» Your instructions
Skip pictures in the listing below; copy exactly the lines from the one with "Le coussin FO" through the one with "上半场补时阶段,王献钧禁区内", inclusive.
======== Task input
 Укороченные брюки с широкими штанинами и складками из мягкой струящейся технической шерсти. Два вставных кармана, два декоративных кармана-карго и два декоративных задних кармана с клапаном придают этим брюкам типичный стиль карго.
================
======== Task input
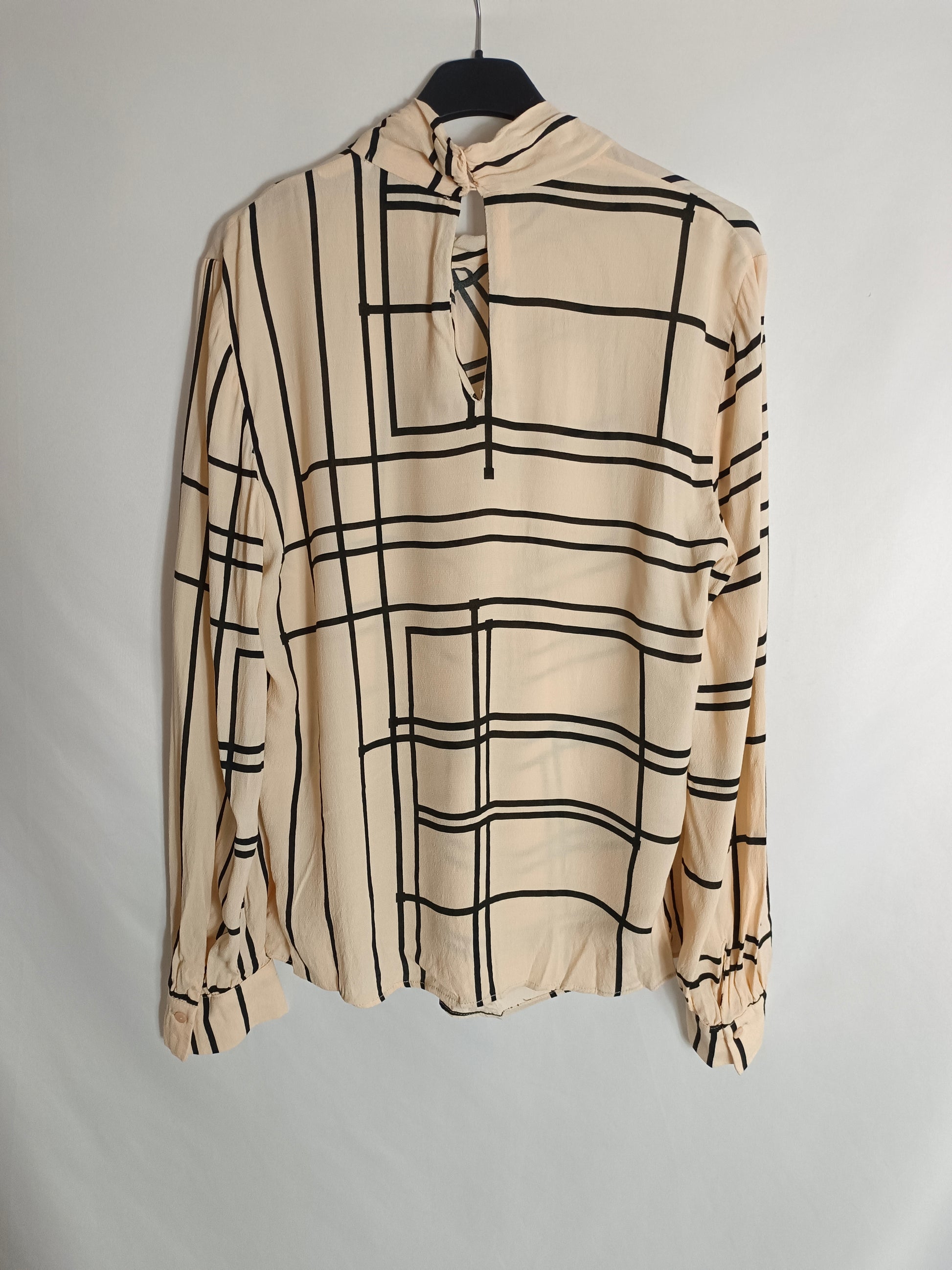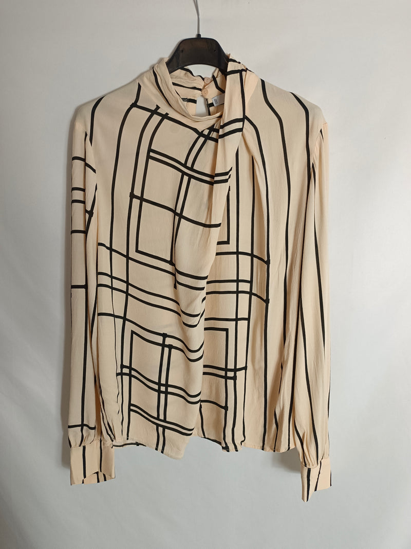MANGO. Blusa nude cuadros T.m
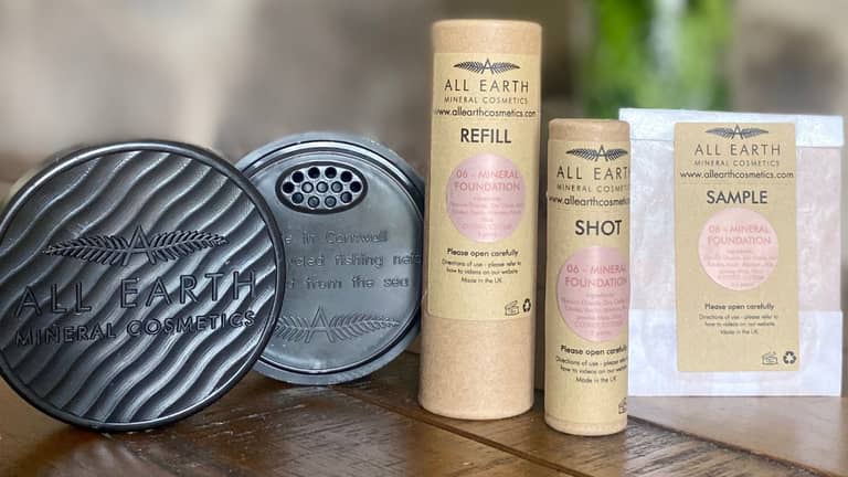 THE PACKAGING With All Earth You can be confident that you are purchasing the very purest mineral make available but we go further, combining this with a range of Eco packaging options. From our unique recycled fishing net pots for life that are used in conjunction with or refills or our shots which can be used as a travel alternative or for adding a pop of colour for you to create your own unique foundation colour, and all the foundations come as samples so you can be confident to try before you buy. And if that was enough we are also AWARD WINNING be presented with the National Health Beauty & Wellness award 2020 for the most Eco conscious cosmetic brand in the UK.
================
======== Task input
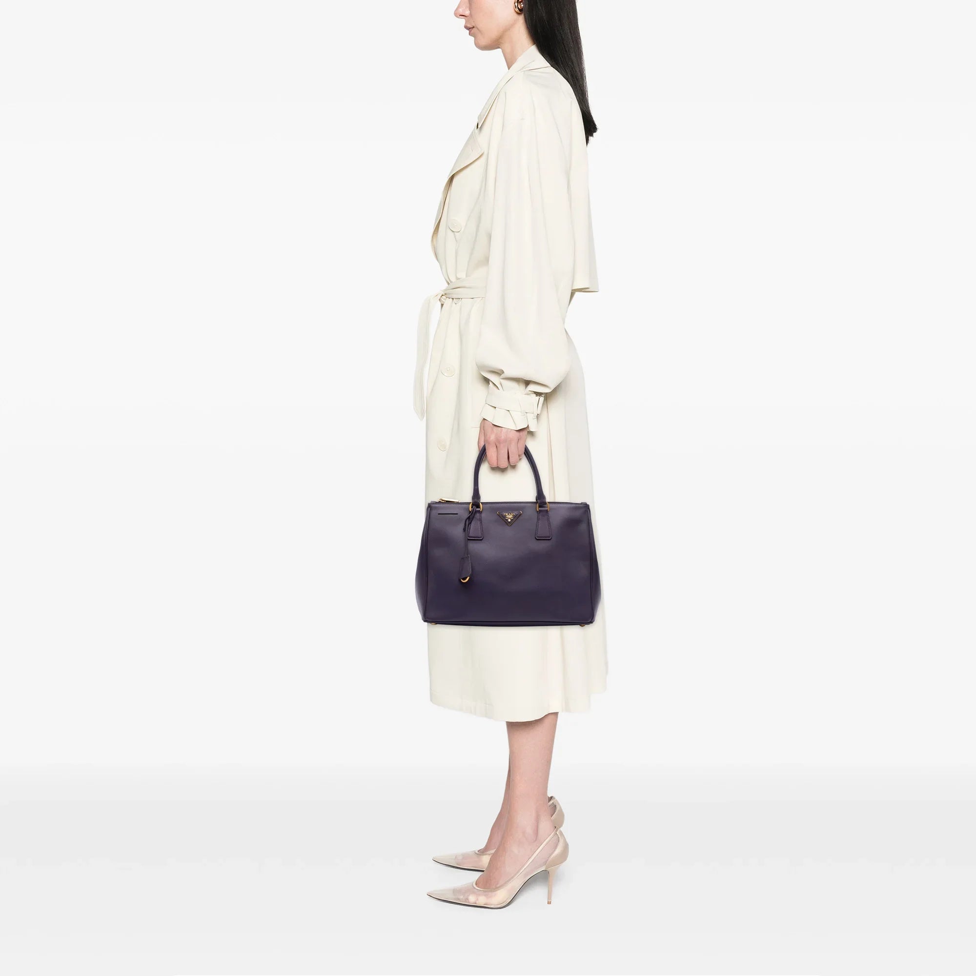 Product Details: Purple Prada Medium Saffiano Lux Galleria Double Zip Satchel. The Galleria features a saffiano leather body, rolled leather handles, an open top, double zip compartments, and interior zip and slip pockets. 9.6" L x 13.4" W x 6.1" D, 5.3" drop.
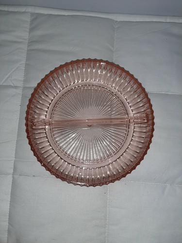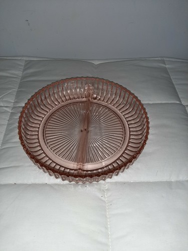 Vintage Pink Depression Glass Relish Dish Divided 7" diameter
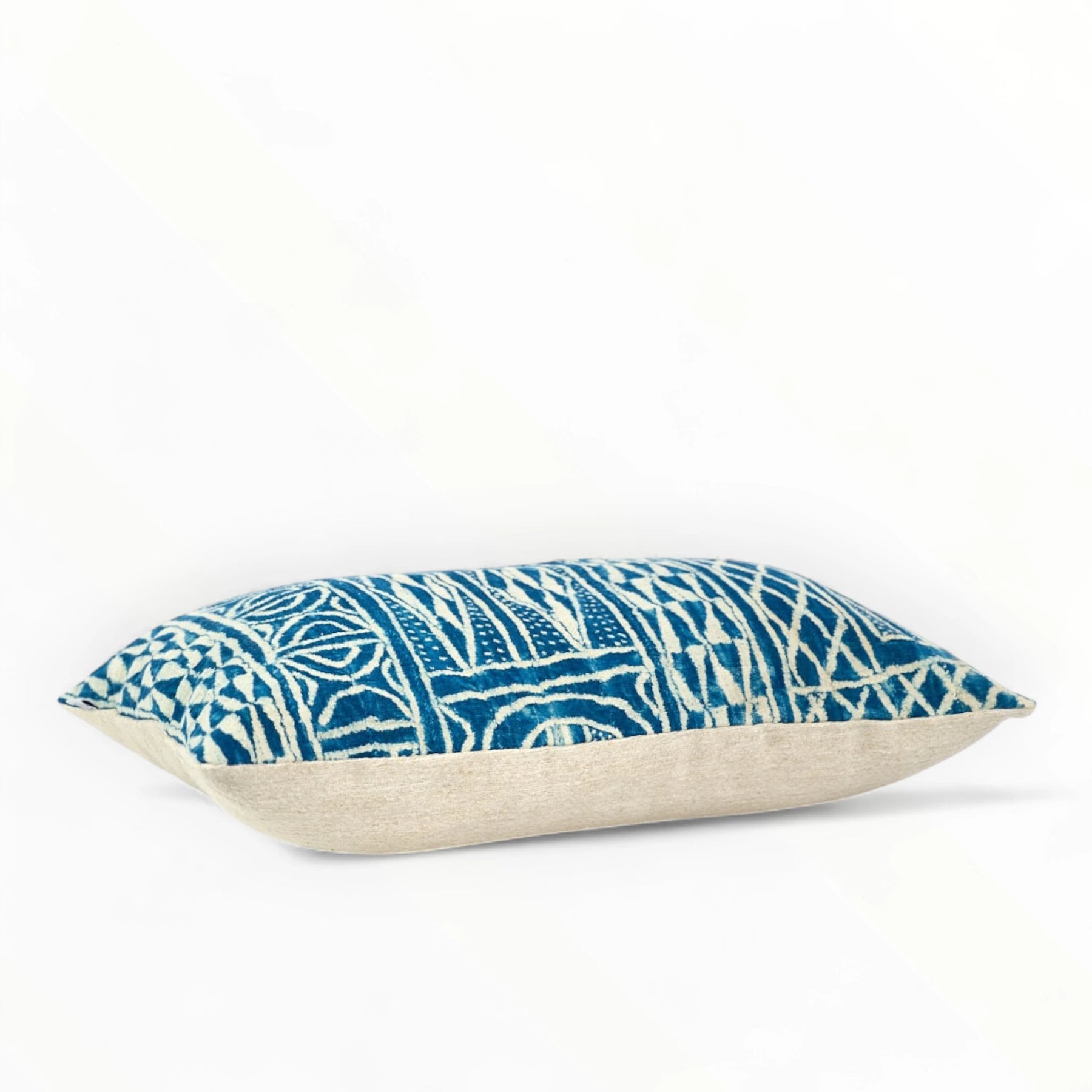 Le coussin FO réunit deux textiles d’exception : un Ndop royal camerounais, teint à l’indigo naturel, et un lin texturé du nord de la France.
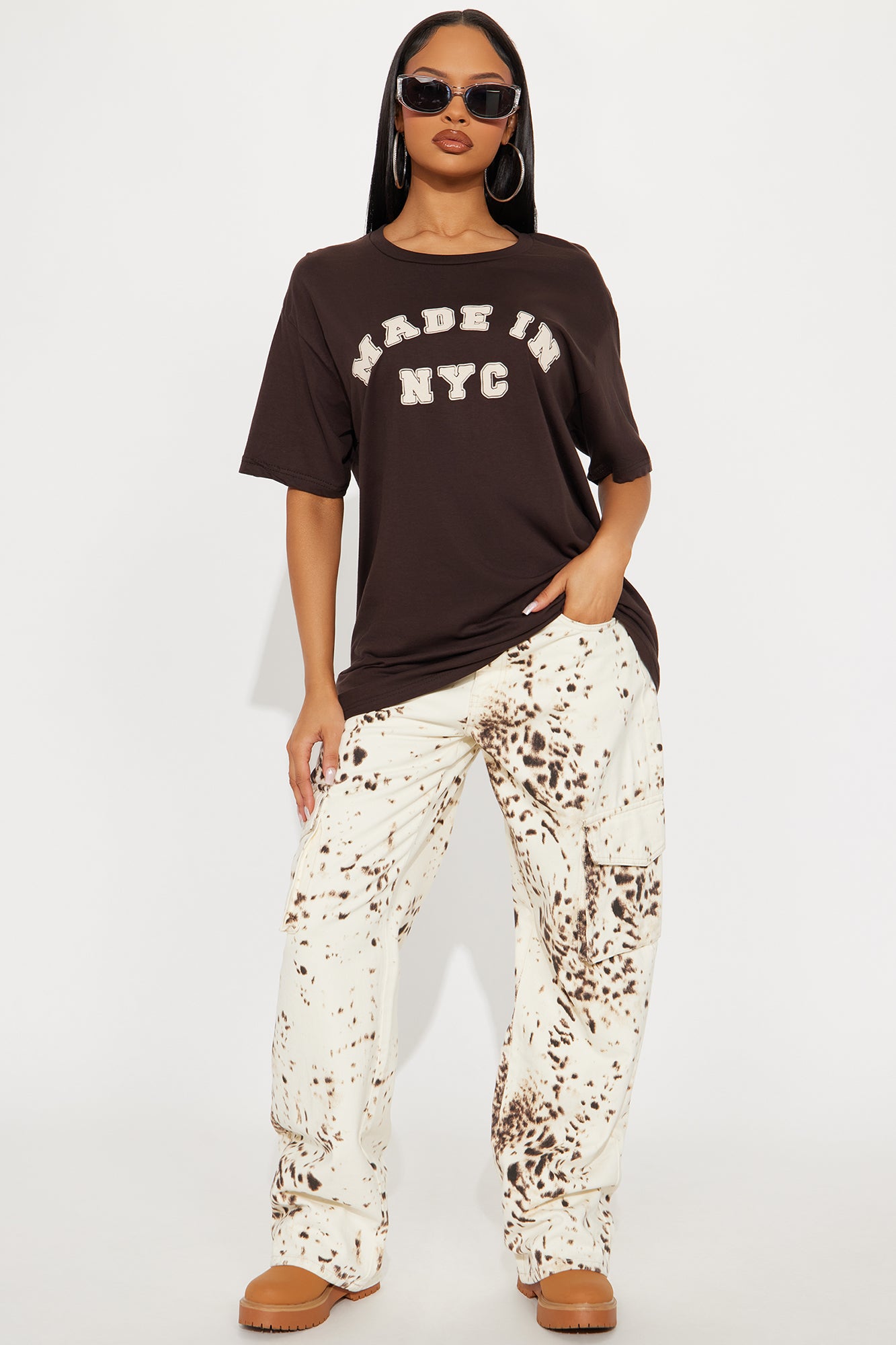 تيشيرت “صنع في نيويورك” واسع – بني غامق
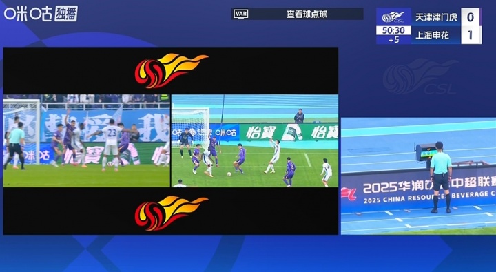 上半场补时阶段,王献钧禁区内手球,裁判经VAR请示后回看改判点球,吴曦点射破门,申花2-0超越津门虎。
================
» Answer for the task
 Le coussin FO réunit deux textiles d’exception : un Ndop royal camerounais, teint à l’indigo naturel, et un lin texturé du nord de la France.
 تيشيرت “صنع في نيويورك” واسع – بني غامق
 上半场补时阶段,王献钧禁区内手球,裁判经VAR请示后回看改判点球,吴曦点射破门,申花2-0超越津门虎。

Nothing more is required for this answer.